Nonetheless, the current candle remains green but suggests a slight increase in selling pressure. The asset is exhibiting the same trend as the rest of the market. It is surprising as investors expected a significant uptrend in the coming days.
One of the feats they wanted was XRP flipping the $2.30 resistance. However, prices remain below it, marking the third week in a row without breaking it. Several factors are responsible for the current price action, hindering a significant uptick.
Traders remain cautious about price direction, as the market has repeatedly been bearish despite their expectations of better performance. It is one of the many factors affecting the altcoin and other cryptocurrencies.
The derivatives market reveals a grim reminder of why investors remain cautious. They lost over $288 million, with bulls accounting for almost 60% of those losses. However, they lost $4.50 million on XRP, and the bulls made up over $3 million in rekt capital.
This market has influenced prices for an extended period as the spot market weakened. The effect remains significant, as the liquidation map reveals another reason the coin failed to surge.

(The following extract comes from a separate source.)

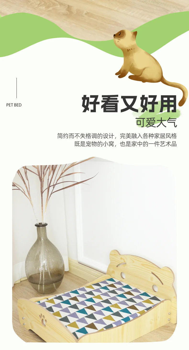Removable Washable Four-season Universal Princess Nest Pet Dog Wooden Bed with Cushion Nest Teddy Medium and Small Dog Cat Bed
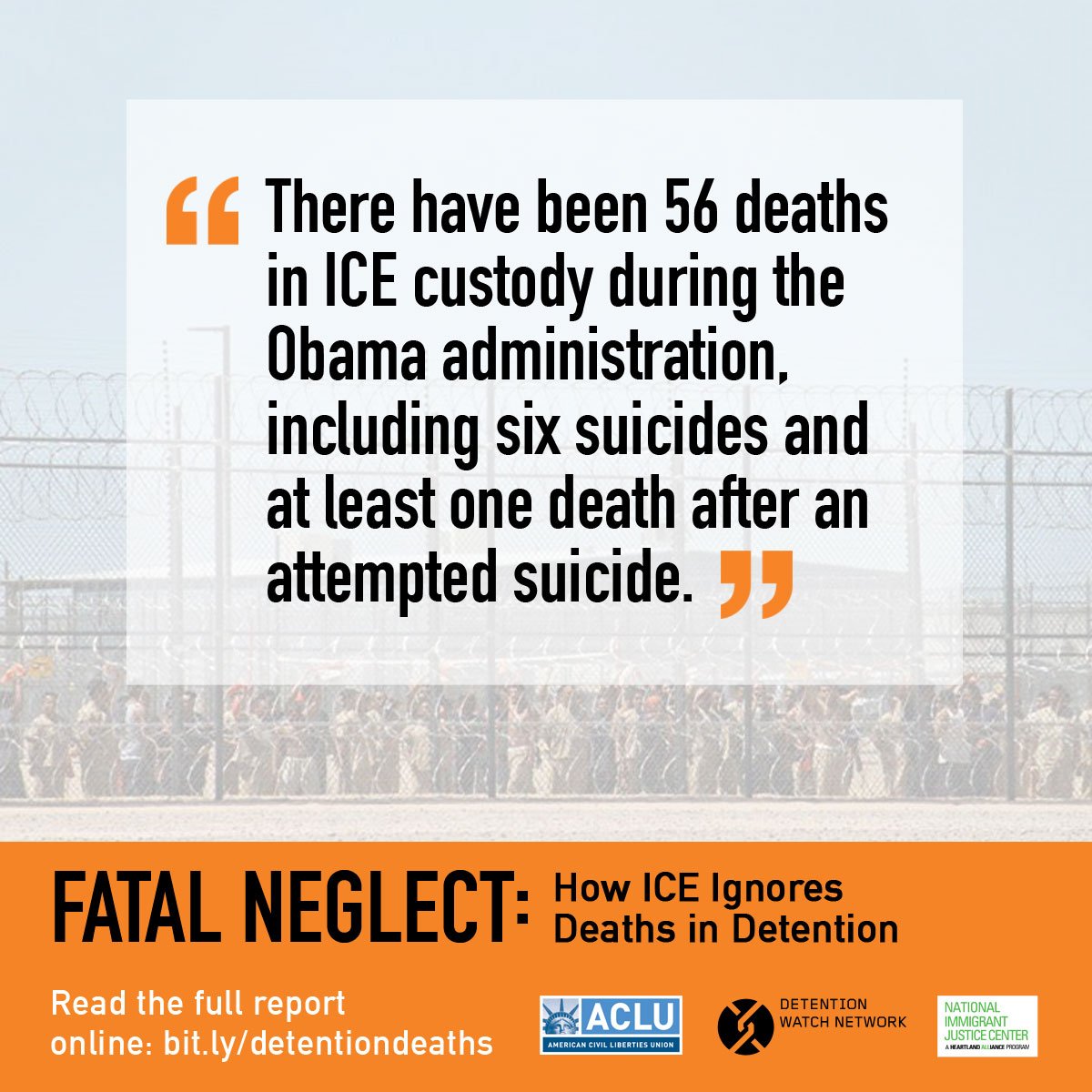 "Fatal Neglect: How ICE Ignores Death in Detention" released today. #detentiondeaths https://www.aclu.org/report/fatal-neglect-how-ice-ignores-death-detention …pic.twitter.com/4RHiXJ871s

A closer look at the chart above reveals a cluster of liquidations at $2.20. Since losing the mark last week, traders opened shorts, leading to the clusters at the mark. The bears have since staged selloffs whenever attempts are made to flip the mark.
The liquidation at $2.29 is more robust, explaining the failure to break above that mark since Nov 17.
Away from the derivatives, the spot market is seeing in deposits into trading platforms. The exchange reserves are slightly increasing as a result. It also means the asset is experiencing significant selling pressure in spot markets.
Nonetheless, while these factors reflect notable bearish dominance, the exchange-traded funds tied to XRP continue to see inflows. As of Friday, it saw a net influx of more than $10 million, extending the streak.
XRP is trading at $2.07 at the time of writing as the upward momentum wanes. While it still prints a green candle, it is worth noting that fears of further declines remain high.
Amid growing concerns, Ripple’s CEO took to X to express his excitement about how XRP ETFs are performing. Interestingly, his comment barely affected prices, in contrast to previous reactions when he posted about XRP.
The bulls continue to show signs of exhaustion after the notable surge two weeks ago. Nonetheless, reflecting on the reactions to Brad Garlinghouse’s comment suggests that the asset will not flip to $2.30 if the current conditions persist.
Investors are banking on the FOMC decision to seal an uptrend to this level. It may be the only fundamental that could trigger the expected hike this week.

Nonetheless, the 1-day chart paints a lower chance of a flip. It is worth noting that bollinger’s middle band has mostly served as resistance, and surges above it have been short-term. There is no indication that the trend is changing.
However, MACD reversed its bearish convergence as buying pressure returned. It remains to be seen whether this heralds further price increases.